Quote all of the data that follows exactly as written, skipping the images.

[[ STORED DATA open ]]

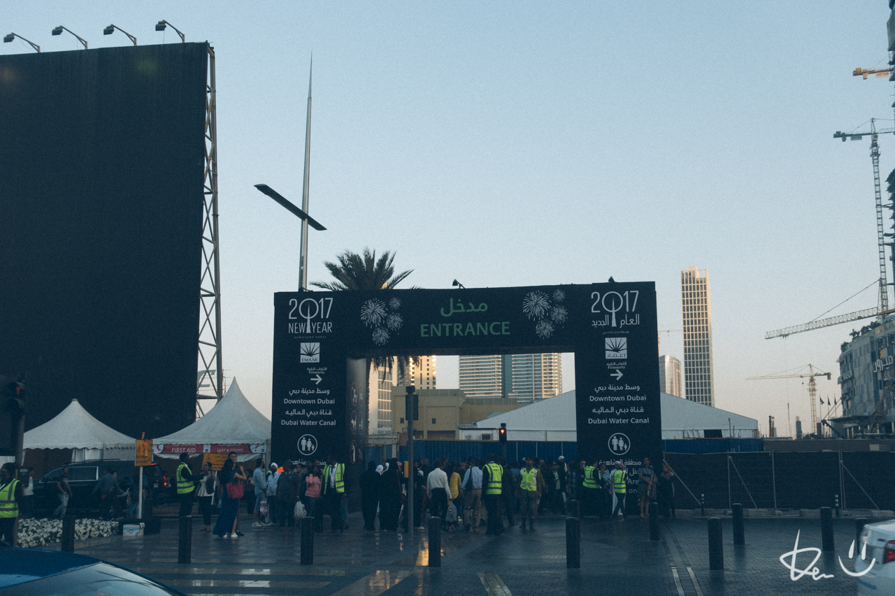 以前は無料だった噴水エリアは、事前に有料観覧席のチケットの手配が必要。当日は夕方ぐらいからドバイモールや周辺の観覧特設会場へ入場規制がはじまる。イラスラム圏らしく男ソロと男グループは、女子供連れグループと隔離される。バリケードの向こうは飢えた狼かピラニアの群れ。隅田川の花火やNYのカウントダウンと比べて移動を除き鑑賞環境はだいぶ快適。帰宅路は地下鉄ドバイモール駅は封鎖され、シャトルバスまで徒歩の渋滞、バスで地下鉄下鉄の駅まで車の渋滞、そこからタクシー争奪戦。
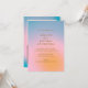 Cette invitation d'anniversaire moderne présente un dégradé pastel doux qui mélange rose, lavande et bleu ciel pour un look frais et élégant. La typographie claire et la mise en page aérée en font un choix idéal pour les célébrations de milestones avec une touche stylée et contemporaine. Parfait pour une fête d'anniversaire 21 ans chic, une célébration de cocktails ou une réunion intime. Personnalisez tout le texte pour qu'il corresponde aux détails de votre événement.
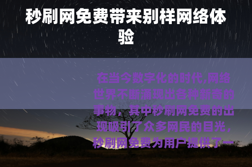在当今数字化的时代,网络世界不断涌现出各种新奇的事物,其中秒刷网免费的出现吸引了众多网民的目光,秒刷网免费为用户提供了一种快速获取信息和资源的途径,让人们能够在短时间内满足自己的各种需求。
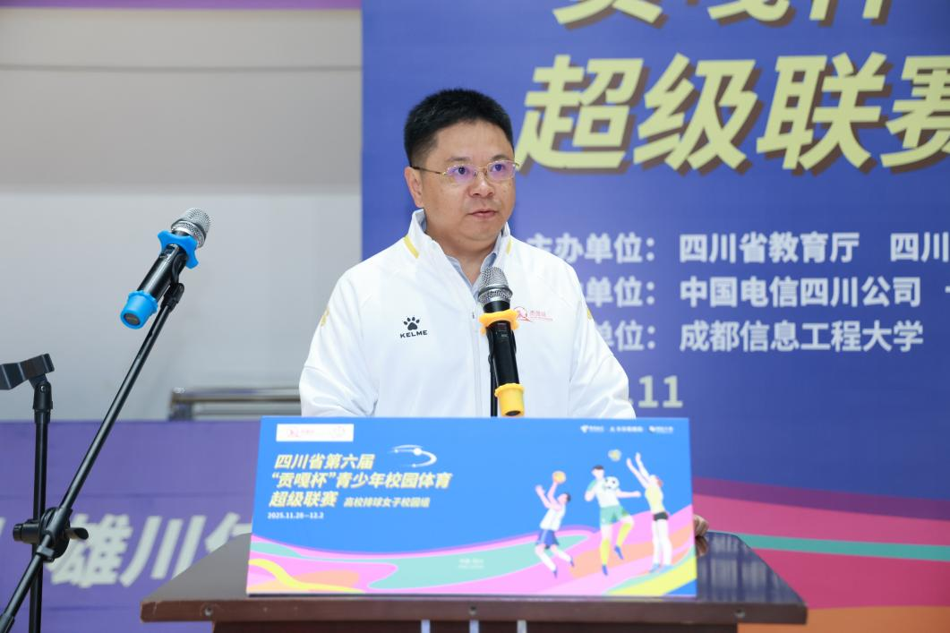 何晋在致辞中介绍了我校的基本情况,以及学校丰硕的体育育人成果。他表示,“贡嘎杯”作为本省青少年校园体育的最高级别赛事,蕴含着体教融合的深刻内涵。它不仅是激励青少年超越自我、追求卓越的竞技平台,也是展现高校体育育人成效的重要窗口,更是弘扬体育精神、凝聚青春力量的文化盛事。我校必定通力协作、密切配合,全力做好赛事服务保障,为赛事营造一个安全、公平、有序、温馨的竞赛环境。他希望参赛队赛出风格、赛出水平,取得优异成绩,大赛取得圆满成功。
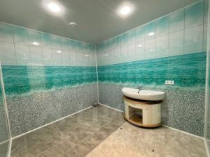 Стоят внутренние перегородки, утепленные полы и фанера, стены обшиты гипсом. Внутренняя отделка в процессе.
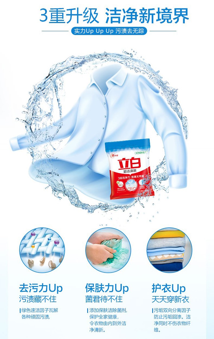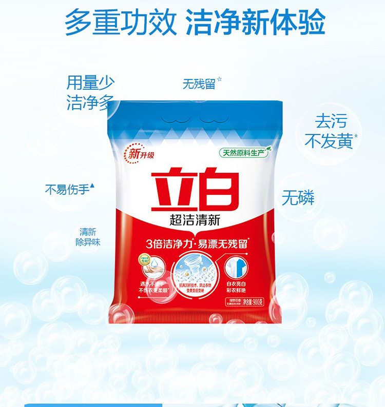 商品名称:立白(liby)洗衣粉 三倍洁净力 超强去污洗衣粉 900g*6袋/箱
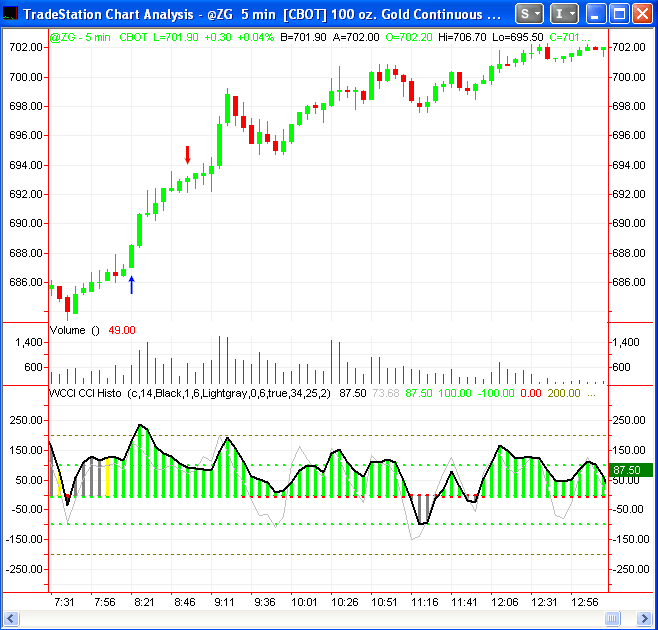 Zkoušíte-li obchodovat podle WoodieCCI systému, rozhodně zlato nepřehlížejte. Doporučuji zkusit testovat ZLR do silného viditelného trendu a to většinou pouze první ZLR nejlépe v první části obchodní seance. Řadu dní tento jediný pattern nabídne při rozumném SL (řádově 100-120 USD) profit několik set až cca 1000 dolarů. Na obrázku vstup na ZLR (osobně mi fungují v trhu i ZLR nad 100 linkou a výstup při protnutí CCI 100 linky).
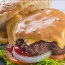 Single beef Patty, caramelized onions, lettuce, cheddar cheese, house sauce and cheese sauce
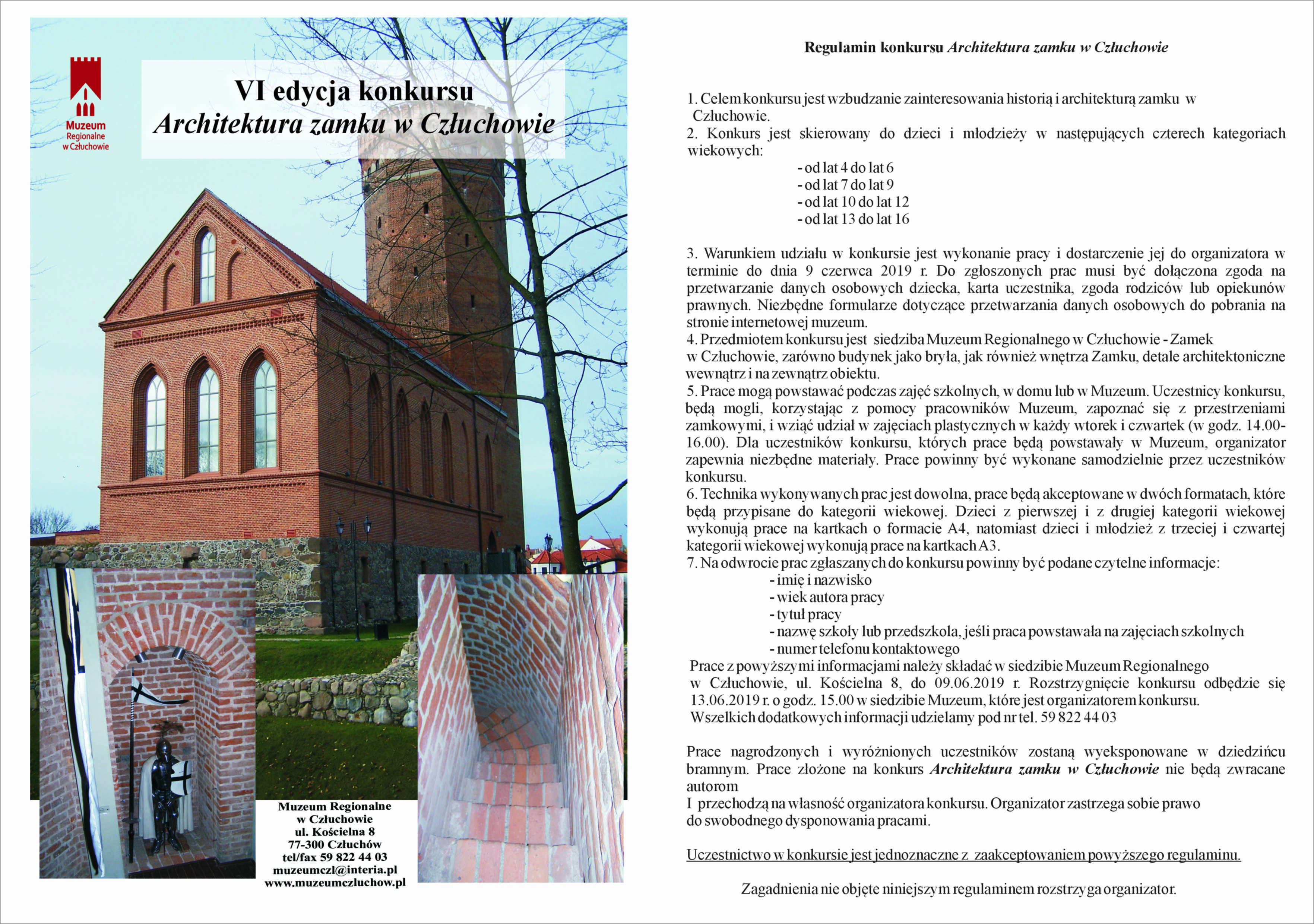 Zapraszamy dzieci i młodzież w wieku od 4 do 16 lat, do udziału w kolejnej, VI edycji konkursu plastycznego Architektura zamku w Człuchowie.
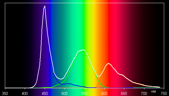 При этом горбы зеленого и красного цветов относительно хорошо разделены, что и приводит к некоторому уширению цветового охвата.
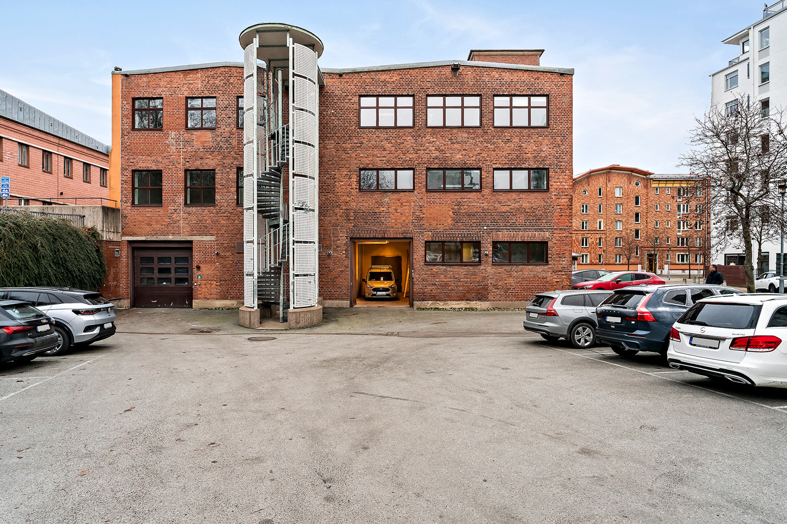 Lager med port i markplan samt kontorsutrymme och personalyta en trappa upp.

[[ STORED DATA closed ]]

**YOUR RESPONSE**
 以前は無料だった噴水エリアは、事前に有料観覧席のチケットの手配が必要。当日は夕方ぐらいからドバイモールや周辺の観覧特設会場へ入場規制がはじまる。イラスラム圏らしく男ソロと男グループは、女子供連れグループと隔離される。バリケードの向こうは飢えた狼かピラニアの群れ。隅田川の花火やNYのカウントダウンと比べて移動を除き鑑賞環境はだいぶ快適。帰宅路は地下鉄ドバイモール駅は封鎖され、シャトルバスまで徒歩の渋滞、バスで地下鉄下鉄の駅まで車の渋滞、そこからタクシー争奪戦。
 Cette invitation d'anniversaire moderne présente un dégradé pastel doux qui mélange rose, lavande et bleu ciel pour un look frais et élégant. La typographie claire et la mise en page aérée en font un choix idéal pour les célébrations de milestones avec une touche stylée et contemporaine. Parfait pour une fête d'anniversaire 21 ans chic, une célébration de cocktails ou une réunion intime. Personnalisez tout le texte pour qu'il corresponde aux détails de votre événement.
在当今数字化的时代,网络世界不断涌现出各种新奇的事物,其中秒刷网免费的出现吸引了众多网民的目光,秒刷网免费为用户提供了一种快速获取信息和资源的途径,让人们能够在短时间内满足自己的各种需求。
 何晋在致辞中介绍了我校的基本情况,以及学校丰硕的体育育人成果。他表示,“贡嘎杯”作为本省青少年校园体育的最高级别赛事,蕴含着体教融合的深刻内涵。它不仅是激励青少年超越自我、追求卓越的竞技平台,也是展现高校体育育人成效的重要窗口,更是弘扬体育精神、凝聚青春力量的文化盛事。我校必定通力协作、密切配合,全力做好赛事服务保障,为赛事营造一个安全、公平、有序、温馨的竞赛环境。他希望参赛队赛出风格、赛出水平,取得优异成绩,大赛取得圆满成功。
 Стоят внутренние перегородки, утепленные полы и фанера, стены обшиты гипсом. Внутренняя отделка в процессе.
 商品名称:立白(liby)洗衣粉 三倍洁净力 超强去污洗衣粉 900g*6袋/箱
 Zkoušíte-li obchodovat podle WoodieCCI systému, rozhodně zlato nepřehlížejte. Doporučuji zkusit testovat ZLR do silného viditelného trendu a to většinou pouze první ZLR nejlépe v první části obchodní seance. Řadu dní tento jediný pattern nabídne při rozumném SL (řádově 100-120 USD) profit několik set až cca 1000 dolarů. Na obrázku vstup na ZLR (osobně mi fungují v trhu i ZLR nad 100 linkou a výstup při protnutí CCI 100 linky).
 Single beef Patty, caramelized onions, lettuce, cheddar cheese, house sauce and cheese sauce
 Zapraszamy dzieci i młodzież w wieku od 4 do 16 lat, do udziału w kolejnej, VI edycji konkursu plastycznego Architektura zamku w Człuchowie.
 При этом горбы зеленого и красного цветов относительно хорошо разделены, что и приводит к некоторому уширению цветового охвата.
 Lager med port i markplan samt kontorsutrymme och personalyta en trappa upp.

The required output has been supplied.